Menindaklanjuti Inpres No. 9 Tahun 2016, Menteri Pendidikan dan Kebudayaan secara gamblang
menginstrusikan untuk menyempurnakan dan menyelaraskan kurikulum SMK sesuai dengan kompetensi
kebutuhan pengguna lulusan (link and match). “Link” dan “match” mengisyaratkan agar para lulusan
mempunyai wawasan atau sikap kompetititf, seperti etika kerja (work ethic), pencapaian motivasi
(achievement motivation), penguasaan (mastery), sikap berkompetisi (competitiveness), memahami arti
uang (money beliefs), dan sikap menabung (attitudes to saving). “Link” dan “match” memerlukan
perubahan kerangka pikir dari seluruh pelaksana pendidikan baik institusi pendidikan maupun staf
pengajar harus pro aktif mengembangkan “link” dan “match” dengan dunia kerja.

“Link” and “Match” dalam Revitalisasi SMK diharapkan dapat menciptakan generasi penduduk usia
produktif siap kerja yang memiliki kompetensi keterampilan atau keahlian siap pakai yang dibutuhkan
perusahaan dan dunia industri. Mengingat perusahaan dengan dunia industri sangat membutuhkan tenaga
terampil siap kerja yang berkarakter etos kerja dan disiplin serta memiliki daya saing tinggi. Tujuan yang
akan dicapai dengan adanya revitalisasi SMK ini adalah:
1) Mewujudkan Link and Match sekolah dengan Dunia Usaha/Industri.

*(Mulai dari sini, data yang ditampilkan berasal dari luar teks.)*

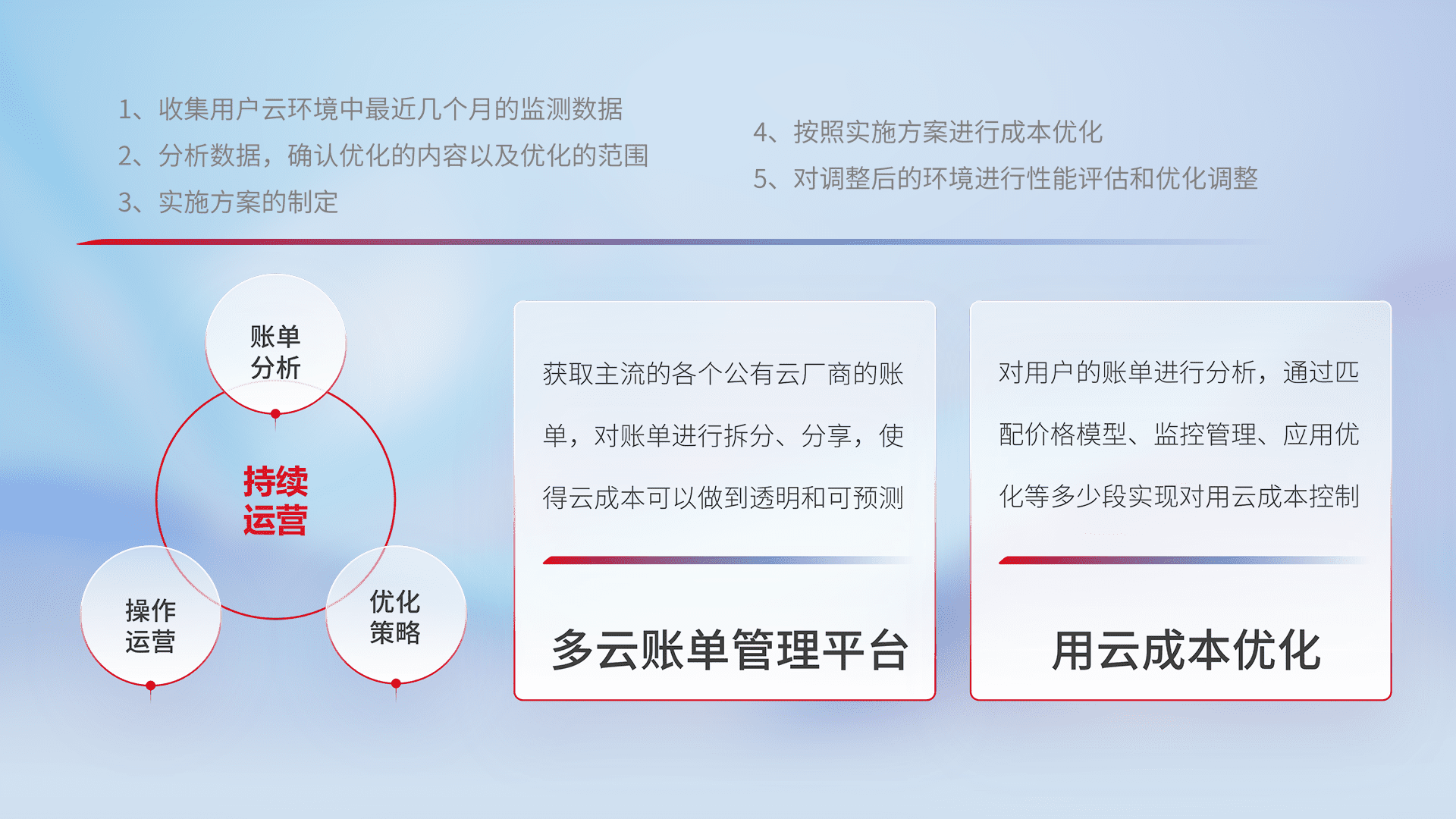 通过多云纳管,,以统一的资源数据模型把客户的云资源进行抽象和封装,,进而实现对多云资源的统一操作,,保障云资源管理的可靠性、、稳定性与可用性。。。量身定制化运维内容,,,配置、、、开发运维、、、、补丁管理、、备份、、、、监控、、、认证和访问管理、、审计和日常巡检等,,保障在用云过程中的可靠度,,,,稳定度以及高可用率。。。

2) Mengubah paradigma dari push menjadi pull. Artinya paradigma SMK yang dulunya hanya
mendorong untuk mencetak lulusan saja tanpa memperhatikan kebutuhan pasar kerja berganti menjadi
paradigma mencari segala sesuatu yang berhubungan dengan pasar kerja mulai dari budaya kerja dan
kompetensi yang diperlukan dalam pasar kerja dan menariknya ke dalam SMK untuk disusun kurikulum
SMK yang diselaraskan dengan kurikulum industri.
3) Mengubah pembelajaran dari supply driven ke demand driven.
4) Menyiapkan lulusan SMK yang adaptable terhadap perubahan dunia untuk menjadi lulusan yang dapat
bekerja, melanjutkan, dan berwirausaha.
5) Mengurangi/menghilangkan kesenjangan antara pendidikan kejuruan dengan kebutuhan DUDI baik
dari aspek teknologi, administratif, maupun kompetensi.